Turns out 2.8 is about the minimum specified for the pack so I hope there’s no lasting damage. Unfortunately, I killed yet another Teensy – the microcontroller running the BMS – in the process. These are parts that should not be consumables.
Gauges and charging
So, a ‘fuel’ gauge is something of a priority. This is a work in progress, using a CANbus-controlled variable resistor hooked up to the original sender lines (thank you Jamie). I could put this behind the dash but I’m trying to avoid taking that out for now.
Also a priority is automating the charging process. For two reasons. First, I can’t really afford to spend hours sat outside in the car with my laptop while it charges. And second, I keep screwing up the charging sequence and blowing pre-charge resistors.

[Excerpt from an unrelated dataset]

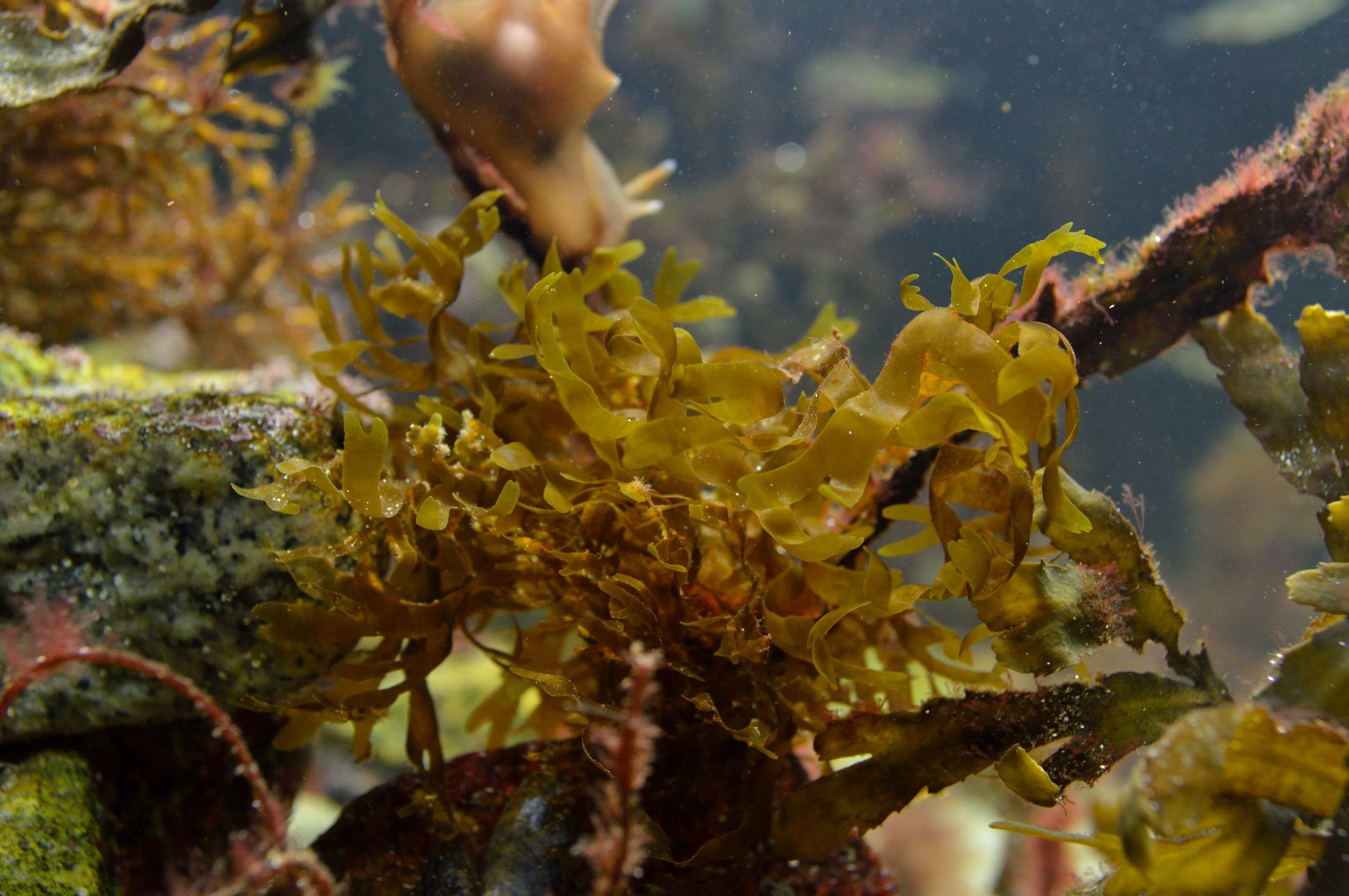 The Seaweed front is not looking great at the moment. Rainbow wrack growing but older parts being completely overgrown with hairalgea. Fucus species growing well but being so heavily perforated by snails that I stopped adding it. Only one that more or less last and stays nice looking is I think Brown Fan Weed Dictyota dichotoma. Ulva also growing and being eaten at rapid pace by prawns and snails.

Typically I’m very careful the first time, and get the car mostly charged. Then I have to go in for some reason, so have to turn everything off, disconnect my laptop and take it inside. When I come back out, I do things in a slightly more distracted fashion. e.g. forgetting to stop SavvyCan from spamming out the messages that control the charger before I connect it up and turn the car on. As soon as the car gets to pre-charge, the charger kicks in and the pre-charge resistor is toast. Again, these are parts that should not be consumables.
Automating charging isn’t quite as easy as it sounds. Right now my car has three modes:
- On (pre-charge)
‘Run’ means that everything is on: dc-dc converter, cooling pumps, vacuum pump, power steering. But it is also the only mode in which the contactors are closed – i.e. the batteries are connected directly to the charger and inverter and not through the pre-charge system. For charging, I want the contactors closed but only the water cooling system enabled. And I want drive to be disabled.

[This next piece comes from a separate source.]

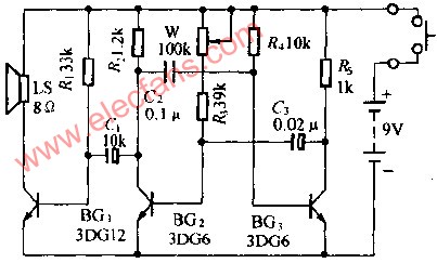 該電子門鈴用1.5V直流供電,具有體積小、耗電少、聲音柔和、不受交流電網(wǎng)停電影響、安全可靠和經(jīng)濟(jì)實(shí)用

Originally I did this with a switch and a button in the cabin.
- The switch turns on the ‘on’ mode relay. This has the water cooling pumps and fans on it.
- The button tells the inverter to close the contactors, but it doesn’t turn on the ‘run’ relay. This locks out the direction switch, ensuring the car stays in neutral.
The problem with this right now is that the switch is also connected to the ‘charge mode enable’ line on the BMS. If this were working properly, it would start the BMS communicating with the charger to tell it to pull in current BEFORE the contactors are closed, blowing the pre-charge resistor (and possibly more). And, because the dc-dc converter enable line is connected to the ‘run’ relay, the 12V system wouldn’t charge while the high voltage system does. This could see the 12V battery go flat due to the drain of the cooling pump.
So, what’s the answer?
- I add an extra relay that is latched when the ‘charge’ button is pressed. I move the ‘charge mode enable’ line to this relay, and add a connection for the DC-DC converter enable line here. This will need a diode on it to stop current feeding back to the rest of the distribution from the ‘run’ relay. This is the simple option
- I finally get around to adding a proper VCU – vehicle control unit – an extra brain that does a lot of the smart stuff. Like turning things on and off at the right time.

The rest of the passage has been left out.